安装spark前先安装scala
然后下载spark-1.6.3-bin-without-hadoop.tgz
解压到/usr/local/spark-1.6.3-bin-without-hadoop
配置环境变量
sudo nano /etc/profile
添加以下内容:
export SPARK_HOME=/usr/local/spark-1.6.3-bin-without-hadoop
export PATH=$SPARK_HOME/bin:$PATH
复制conf文件夹里面template一份,改名为spark-env.sh,在这里修改spark集群的参数
cp conf/spark-env.sh.template conf/spark-env.sh
最下面加入以下几行
export JAVA_HOME=/usr/local/jdk1.7.0_80
export SCALA_HOME=/usr/local/scala-2.11.11
export SPARK_MASTER_IP=master1
export HADOOP_CONF_DIR=/usr/local/hadoop-2.6.5/etc/Hadoop
export SPARK_DIST_CLASSPATH=$(/usr/local/hadoop-2.6.5/bin/Hadoop classpath)
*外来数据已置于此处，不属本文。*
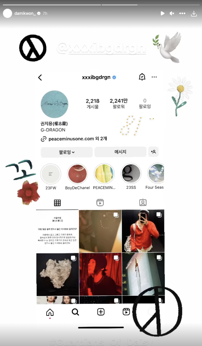Kwon Dami took part in a campaign run by G-Dragon’s Instagram followers on November 14. She utilized the “Daisy” filter, which incorporates the firm’s emblem and insignia, along with the hashtags “Guardians of Daisy” and “We stand with GD” for her fashion brand.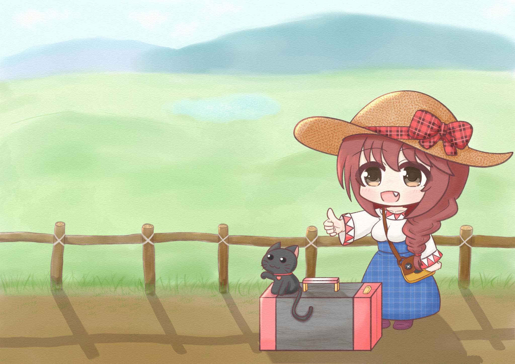 1girl :d bag between_breasts black_cat blue_skirt bow braid breasts brown_eyes brown_hair brown_headwear cat chibi collarbone commentary_request day fang fence full_body hair_over_shoulder hat hat_bow hat_ribbon highres hitchhiking long_skirt long_sleeves medium_breasts mokezi mountainous_horizon open_mouth original outdoors plaid_bow plaid_clothes plaid_skirt ribbon road shadow shirt shoulder_bag sidelocks single_braid skirt smile standing strap_between_breasts suitcase thumbs_up white_shirt wooden_fence

export SPARK_MASTER_PORT=7077
export SPARK_WORKER_CORES=10
export SPARK_WORKER_MEMORY=10g
export SPARK_WORKER_INSTANCES=1
export SPARK_EXECUTOR_CORES=5
export SPARK_EXECUTOR_MEMORY=7g
export SPARK_EXECUTOR_INSTANCES=2
export SPARK_DRIVER_MEMORY=4g
export SPARK_WORKER_DIR=/usr/local/spark-1.6.3-bin-without-hadoop/worker_dir
在conf下面新建一个叫slaves的文件,这个文件里存放的是spark集群子节点的hostname
添加以下几行
master1
master2
slave1
slave2
slave3
修改spark文件夹的权限
sudo chown –R hadoop-sna /usr/local/spark-1.6.3-bin-without-hadoop
sudo chgrp –R hadoop-sna /usr/local/spark-1.6.3-bin-without-hadoop
在所有的节点(slaves和主节点)上都按以上操作,
然后使用sbin目录下的start-master.sh启动主节点,使用start-slaves.sh启动子节点